Determine which lines of the records include the word "from", and copy them.

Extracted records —
━━━━━━━━━━

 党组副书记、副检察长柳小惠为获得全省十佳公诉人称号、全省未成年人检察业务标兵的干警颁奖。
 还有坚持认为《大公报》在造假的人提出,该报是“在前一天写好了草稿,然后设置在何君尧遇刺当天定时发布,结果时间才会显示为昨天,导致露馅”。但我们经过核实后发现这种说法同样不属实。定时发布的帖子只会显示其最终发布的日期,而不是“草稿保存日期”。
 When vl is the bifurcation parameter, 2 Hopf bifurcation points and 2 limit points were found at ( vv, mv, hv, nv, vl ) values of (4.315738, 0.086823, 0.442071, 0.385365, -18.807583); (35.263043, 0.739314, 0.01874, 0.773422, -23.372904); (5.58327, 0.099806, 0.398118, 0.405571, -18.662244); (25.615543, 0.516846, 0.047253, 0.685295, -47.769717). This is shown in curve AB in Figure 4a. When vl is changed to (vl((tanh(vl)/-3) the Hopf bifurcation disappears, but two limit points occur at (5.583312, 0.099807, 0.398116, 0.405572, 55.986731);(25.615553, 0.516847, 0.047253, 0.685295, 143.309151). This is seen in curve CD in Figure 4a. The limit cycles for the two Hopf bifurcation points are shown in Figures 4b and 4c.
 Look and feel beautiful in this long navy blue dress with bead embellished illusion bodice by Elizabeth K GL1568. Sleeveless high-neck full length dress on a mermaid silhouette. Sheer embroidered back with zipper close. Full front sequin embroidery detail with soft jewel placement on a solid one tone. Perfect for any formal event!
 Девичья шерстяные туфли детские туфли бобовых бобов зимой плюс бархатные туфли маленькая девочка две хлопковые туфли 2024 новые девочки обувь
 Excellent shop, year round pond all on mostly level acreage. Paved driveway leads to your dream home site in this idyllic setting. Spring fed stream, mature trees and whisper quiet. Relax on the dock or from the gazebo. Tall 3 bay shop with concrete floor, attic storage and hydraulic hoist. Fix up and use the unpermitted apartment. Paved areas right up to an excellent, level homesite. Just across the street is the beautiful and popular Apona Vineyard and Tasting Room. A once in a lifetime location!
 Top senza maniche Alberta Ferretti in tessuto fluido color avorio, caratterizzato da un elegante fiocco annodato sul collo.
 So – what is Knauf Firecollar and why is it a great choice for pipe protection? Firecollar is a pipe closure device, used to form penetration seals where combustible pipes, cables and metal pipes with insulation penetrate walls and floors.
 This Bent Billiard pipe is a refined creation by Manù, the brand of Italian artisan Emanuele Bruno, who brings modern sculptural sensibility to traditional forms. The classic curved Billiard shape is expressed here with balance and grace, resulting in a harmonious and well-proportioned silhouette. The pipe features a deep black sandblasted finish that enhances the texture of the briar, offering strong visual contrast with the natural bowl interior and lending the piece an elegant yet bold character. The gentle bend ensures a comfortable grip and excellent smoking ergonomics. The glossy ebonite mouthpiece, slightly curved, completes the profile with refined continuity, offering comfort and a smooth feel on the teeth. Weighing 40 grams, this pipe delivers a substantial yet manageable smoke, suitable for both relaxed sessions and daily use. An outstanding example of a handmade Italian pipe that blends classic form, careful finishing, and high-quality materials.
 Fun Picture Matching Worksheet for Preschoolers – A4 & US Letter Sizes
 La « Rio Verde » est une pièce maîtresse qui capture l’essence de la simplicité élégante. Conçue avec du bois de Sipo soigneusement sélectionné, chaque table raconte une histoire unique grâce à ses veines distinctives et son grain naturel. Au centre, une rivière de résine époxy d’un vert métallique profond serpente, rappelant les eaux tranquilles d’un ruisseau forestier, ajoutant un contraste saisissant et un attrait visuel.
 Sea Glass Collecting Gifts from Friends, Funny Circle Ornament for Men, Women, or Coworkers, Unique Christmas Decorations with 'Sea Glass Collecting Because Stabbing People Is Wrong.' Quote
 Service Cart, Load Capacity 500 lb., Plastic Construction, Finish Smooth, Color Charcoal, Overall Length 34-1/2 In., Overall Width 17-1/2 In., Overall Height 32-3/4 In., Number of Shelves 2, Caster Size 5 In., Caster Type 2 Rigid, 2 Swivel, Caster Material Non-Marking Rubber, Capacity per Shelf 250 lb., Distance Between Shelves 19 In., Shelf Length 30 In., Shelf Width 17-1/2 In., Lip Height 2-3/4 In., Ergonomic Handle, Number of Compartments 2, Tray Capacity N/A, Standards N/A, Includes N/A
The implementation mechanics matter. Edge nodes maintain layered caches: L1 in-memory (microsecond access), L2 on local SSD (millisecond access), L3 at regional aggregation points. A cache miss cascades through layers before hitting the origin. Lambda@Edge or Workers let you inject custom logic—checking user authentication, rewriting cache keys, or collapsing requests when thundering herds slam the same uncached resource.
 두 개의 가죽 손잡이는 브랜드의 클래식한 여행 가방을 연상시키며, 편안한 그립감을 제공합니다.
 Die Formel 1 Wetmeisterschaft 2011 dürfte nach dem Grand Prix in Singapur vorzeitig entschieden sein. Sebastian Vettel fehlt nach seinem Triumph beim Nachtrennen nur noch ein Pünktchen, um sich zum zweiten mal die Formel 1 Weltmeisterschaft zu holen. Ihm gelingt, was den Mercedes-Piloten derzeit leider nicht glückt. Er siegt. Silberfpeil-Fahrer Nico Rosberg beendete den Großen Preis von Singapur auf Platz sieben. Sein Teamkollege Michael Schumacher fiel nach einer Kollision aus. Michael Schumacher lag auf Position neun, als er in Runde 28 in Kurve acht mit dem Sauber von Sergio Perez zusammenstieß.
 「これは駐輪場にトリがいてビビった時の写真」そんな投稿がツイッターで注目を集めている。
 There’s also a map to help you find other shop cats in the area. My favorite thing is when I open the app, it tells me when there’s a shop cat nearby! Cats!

━━━━━━━━━━

OUTPUT —
 Excellent shop, year round pond all on mostly level acreage. Paved driveway leads to your dream home site in this idyllic setting. Spring fed stream, mature trees and whisper quiet. Relax on the dock or from the gazebo. Tall 3 bay shop with concrete floor, attic storage and hydraulic hoist. Fix up and use the unpermitted apartment. Paved areas right up to an excellent, level homesite. Just across the street is the beautiful and popular Apona Vineyard and Tasting Room. A once in a lifetime location!
 Sea Glass Collecting Gifts from Friends, Funny Circle Ornament for Men, Women, or Coworkers, Unique Christmas Decorations with 'Sea Glass Collecting Because Stabbing People Is Wrong.' Quote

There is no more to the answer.